Un accompagnement psychologique peut s’avérer nécessaire pour surmonter les traumatismes liés à cette expérience. Les médecins du travail jouent également un rôle crucial dans l’évaluation de l’impact sur la santé et la proposition d’aménagements.
Prévenir la mise au placard en entreprise
La prévention reste le meilleur remède contre la placardisation. Les employeurs ont la responsabilité de maintenir un environnement de travail sain et respectueux. Cela passe par une communication transparente, une gestion prévisionnelle des emplois et des compétences, ainsi qu’un dialogue social de qualité.
Les entreprises doivent également sensibiliser leurs managers aux risques de la mise au placard. Former les équipes dirigeantes à la gestion des conflits et à la conduite du changement permet d’éviter ces situations préjudiciables à tous.

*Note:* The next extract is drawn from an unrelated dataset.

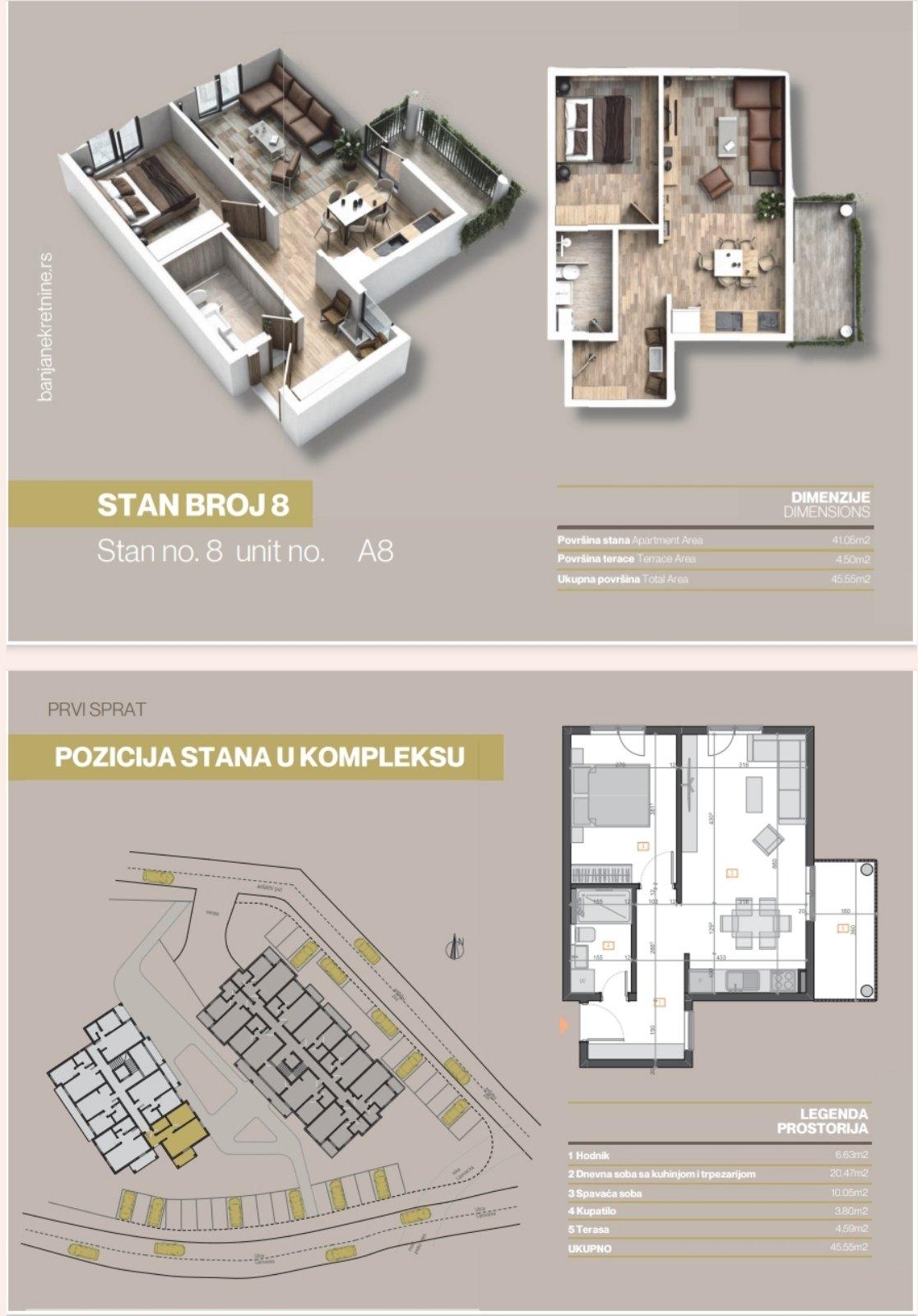| Prvi sprat | 8 | 45,55 m2 | dvosoban | Pogledaj | |

La mise en place d’un système d’alerte et de médiation interne permet de détecter précocement les situations problématiques. Les enquêtes de climat social et les entretiens individuels réguliers constituent des outils précieux pour identifier les signaux faibles.
Conclusion
La mise au placard représente un fléau silencieux qui touche de nombreux salariés français. Ses conséquences dépassent largement le cadre individuel pour impacter l’ensemble de l’économie. Face à cette réalité, la connaissance des droits et des recours disponibles reste essentielle. Que ce soit par la voie du dialogue social, de la formation ou des recours judiciaires, des solutions existent pour sortir de cette situation. La prévention demeure cependant la meilleure stratégie, nécessitant l’engagement de tous les acteurs de l’entreprise pour préserver un environnement de travail respectueux et épanouissant.